Current state: neither side has HTTP/2 enabled today. ASP.NET Kestrel defaults to HTTP/1.1; flip `EndpointDefaults.Protocols = HttpProtocols.Http1AndHttp2` (or `Http1AndHttp2AndHttp3` over TLS). One-line change at the host config layer.
#### UAV provisioning path (no Leaflet constraint)
Multipart / tar / zip bundle responses are also rejected. Their downsides:
- Server holds N file handles open and streams serially within one response → less parallelism than HTTP/2 multistream.
- Resume granularity collapses to "the whole bundle".
- Cache key becomes the bundle, not the tile.
- Client needs a parser.
Per-tile GET over HTTP/2 wins on every axis, and the journal-based resume already designed in AZ-316 keeps its semantics intact.
PMTiles is excellent for STATIC pre-built tile sets (Cloudflare/Protomaps); our DB is dynamic (UAV uploads invalidate any pre-built archive). Defer PMTiles until profiling demands it.
The real efficiency win on this path is the **inventory pre-filter step** (already designed in § 6.1). Refined `TileDownloader` (AZ-316) flow:
1. C11 computes the `(z, x, y)` list locally (deterministic slippy math — verified in the prior turn).
2. `POST /api/satellite/tiles/inventory` with the coord list → metadata-only response (`captured_at`, `estimated_bytes`, `resolution_m_per_px`).
3. Run AZ-307 freshness gate + RESTRICT-SAT-4 resolution gate + journal-skip against metadata → produce a "keep list".
4. Issue per-tile `GET /tiles/{z}/{x}/{y}` for the keep list over an HTTP/2 multiplexed connection: `httpx.Client(http2=True, limits=httpx.Limits(max_connections=10, max_keepalive_connections=10))`.
5. Append journal per successful write; per-tile retry on transient failure; resume on partial-success.
In active-conflict zones where many tiles are stale or sub-spec, the inventory step lets C11 skip downloading bytes for 3050% of the candidate set. That dwarfs any wire-level bulk-format gain.

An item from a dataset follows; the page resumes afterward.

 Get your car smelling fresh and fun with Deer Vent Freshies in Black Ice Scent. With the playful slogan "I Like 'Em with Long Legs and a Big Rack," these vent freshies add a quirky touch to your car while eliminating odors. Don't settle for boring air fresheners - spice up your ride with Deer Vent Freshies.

### 6.4 Existing test that needs updating in the new satellite-provider task
`SatelliteProvider.Tests/UavTileFilePathTests.cs:23` — current expectation:
```
"UAV file paths follow `./tiles/uav/{zoom}/{x}/{y}.jpg` per `uav-tile-upload.md` v1.0.0"
```
becomes:
```
"UAV file paths follow `./tiles/uav/{flight_id}/{zoom}/{x}/{y}.jpg`"
```
The migration moves existing files into per-flight directories during the same backfill that adds `location_hash`/`content_sha256`. Mechanical operation; DB `file_path` column rewritten in the same transaction.
---
## 7. Why this is parked as a leftover (not blocking)

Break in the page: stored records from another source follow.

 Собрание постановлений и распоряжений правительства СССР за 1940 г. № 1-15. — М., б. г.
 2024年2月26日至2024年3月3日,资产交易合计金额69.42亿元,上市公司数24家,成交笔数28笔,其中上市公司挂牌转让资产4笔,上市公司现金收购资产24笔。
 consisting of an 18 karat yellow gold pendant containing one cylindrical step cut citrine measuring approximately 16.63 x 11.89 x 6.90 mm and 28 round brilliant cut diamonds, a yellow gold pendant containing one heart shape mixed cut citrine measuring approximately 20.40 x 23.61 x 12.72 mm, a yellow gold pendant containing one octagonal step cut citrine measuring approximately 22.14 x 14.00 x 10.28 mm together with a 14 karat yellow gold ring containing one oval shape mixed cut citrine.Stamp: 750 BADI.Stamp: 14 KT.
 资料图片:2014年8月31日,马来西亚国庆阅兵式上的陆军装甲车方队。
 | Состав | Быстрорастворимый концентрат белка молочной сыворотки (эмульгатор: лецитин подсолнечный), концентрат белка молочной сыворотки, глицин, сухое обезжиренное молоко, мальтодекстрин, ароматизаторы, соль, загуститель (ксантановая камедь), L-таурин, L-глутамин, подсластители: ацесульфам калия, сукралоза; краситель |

- The user explicitly asked for the analysis before deciding the AZ-304 reconciliation option. Decision is now informed, but the user did not yet pick A/B/C/D. The session is being closed for token reasons.
- Next `/autodev` will re-enter at the same decision point with this document and the prior turn's recommendation as input.